For Prime Minister Benjamin Netanyahu, civilian victims are not the same: those in Israel are victims of terrorism and those in Gaza, those who are dying from its bombs, are collateral victims. The United States has asked that operations be more precise, while the International Red Cross describes a Dantesque panorama among Gazan civilians. The bombs illuminate the sky of Rafah, but this is no longer the only reason why Gazans die. The lack of food leads them to board, desperate, trucks with humanitarian aid because they barely have anything to put in their mouths.
“Half the population in the Gaza Strip is dying of hunger and nine of “Every ten people are not eating enough.”, the deputy executive director of the UN World Food Program (WFP), Carl Skau, warned this Thursday. In a press conference at the United Nations headquarters in New York, Skau, who visited the Palestinian enclave over the weekend to see first-hand the situation on the ground, painted a bleak picture for the hundreds of thousands of displaced people. by the Israeli offensive.

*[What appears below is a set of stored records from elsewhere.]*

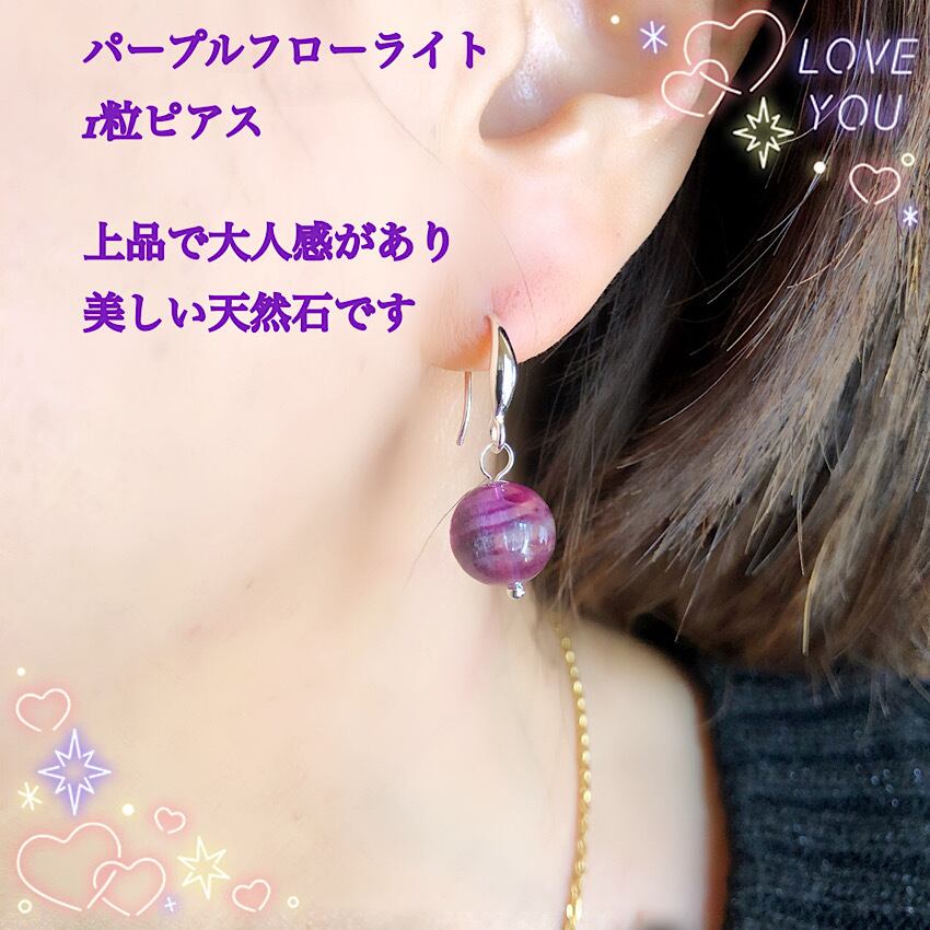 10mmのパープルフローライトを、大人感溢れる1粒ピアスにしました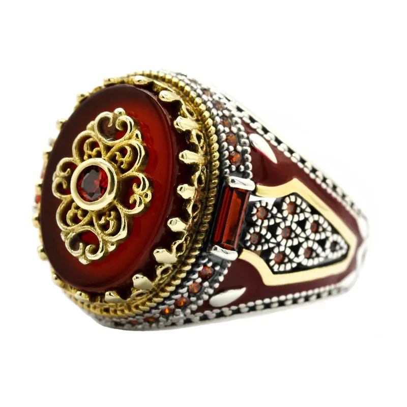 Роскошное турецкое кольцо ручной работы с короной из натурального к...
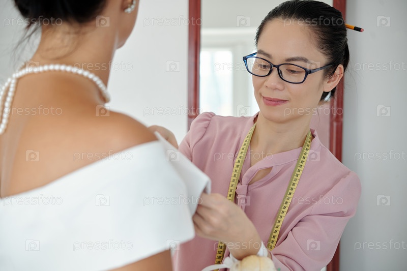 Швея, застегивающая лук на платье
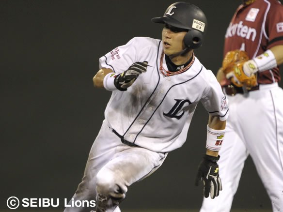 1番 浅村 左安 2-2からファウルで粘った後の9球目、外角高めのストレートを引っ張ると、打球はショートの横を抜けてレフトの前へ! 1塁ランナーは2塁を回っても減速せず、さらに加速して3塁を陥れた! |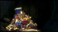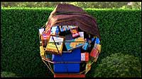 Но жадность сослужила Ар Джею медвежью услугу. Он захапал почти все припасы, загрузил их в любимую мишкину красную тележку и только собрался было улепетнуть, как еще одна упаковка "Картофана" сбила енота с панталыку, он засыпался, попал под медвежью лапу, после чего полная тележка съедобного барахла упала в глазах медведя и енота прямо с обрыва.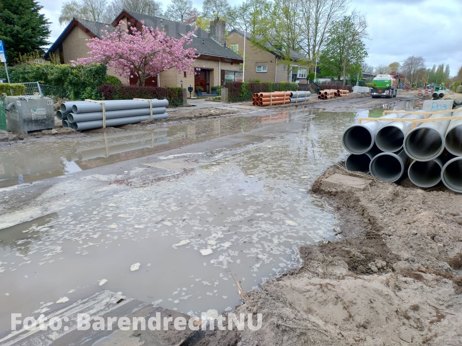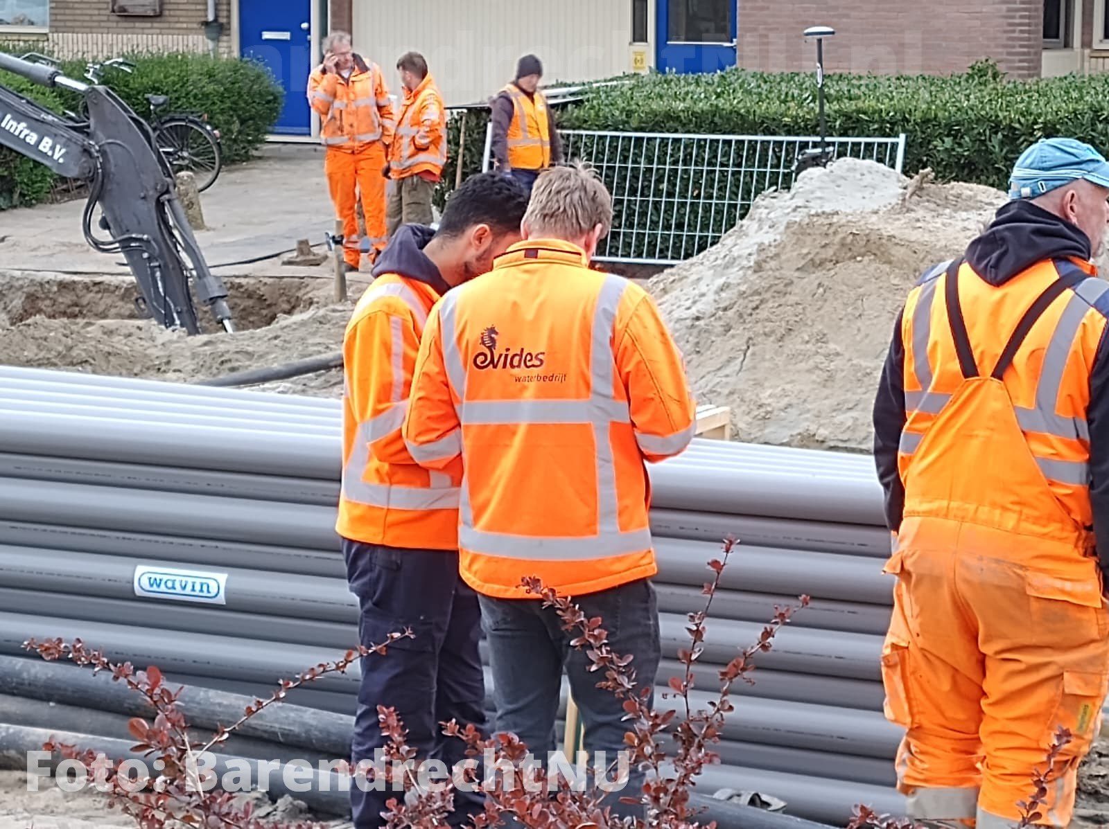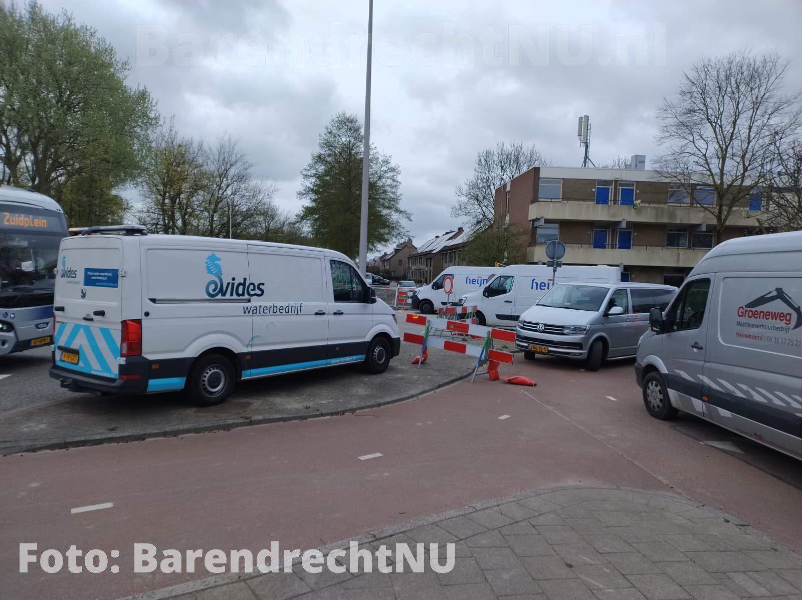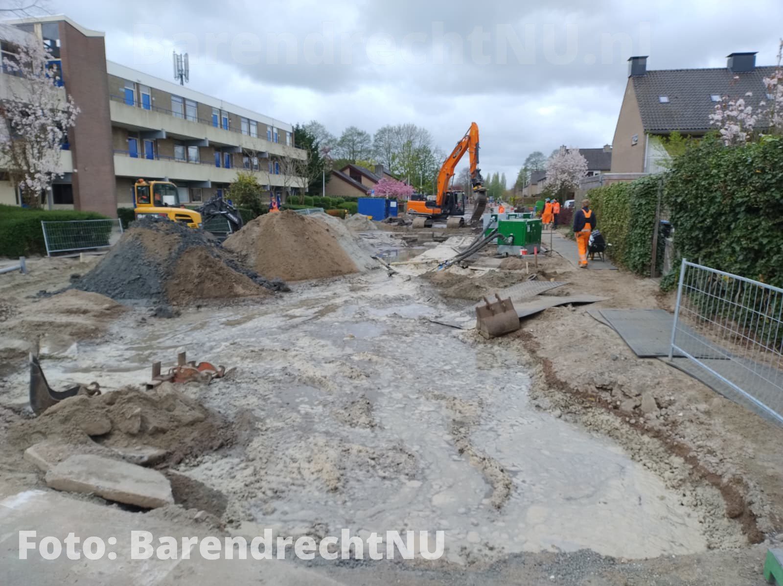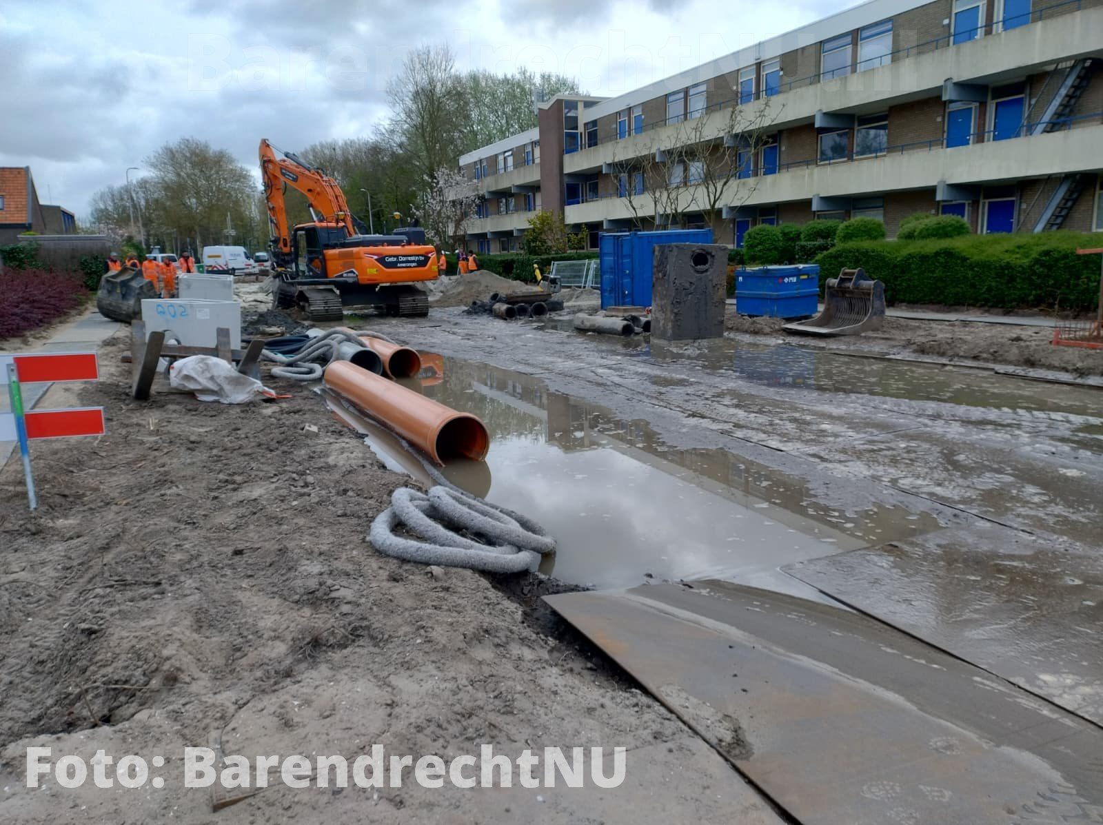 BARENDRECHT – [Foto’s] Bij de werkzaamheden aan het Jaagpad is vanochtend (Vrijdag 10 april 2026) een waterlekkage ontstaan. Het werkvlak ter hoogte van de rotonde bij de 1e Barendrechtseweg staat grotendeels onder water. Bewoners maakte in eerste instantie melding van bruin water uit de kraan, maar inmiddels hebben werklieden de watertoevoer volledig afgesloten om verdere overstroming te voorkomen. Omwonenden hebben momenteel geen water.

“What you see is that there is fear“You see it in people’s eyes and you hear it when you talk to them: many questions, a lot of confusion about what is going to happen next,” he said. The US emphasizes its support for Israel while demanding operations more precise in the face of the incessant increase in Palestinian civilian victims. Jake Sullivan, the US National Security Advisor, has assured that we must “at the same time minimize harm to civilians and guarantee humanitarian aid in Gaza.”
Israel looks the other way and its defense minister insists: the offensive will continue. The Minister of Defense, Yoav Gallant, has warned that the war against Hamas “it will take more than two months“. Netanyahu, for his part, has differentiated between Israeli civilian deaths and Palestinian deaths: “There is a difference between murder, mutilation and the deliberate and systemic threat of (Israeli) civilians, which is terrorism, and the consequences of collateral casualties that accompany any war.”
His Foreign Minister, Cohen, goes further and assures that the Red Cross “should not exist” because, he points out, they have not met with the families of the hostages. With this, he makes clear that it is the Red Cross that has entered the Strip to collect, transport and safely return those freed by Hamas.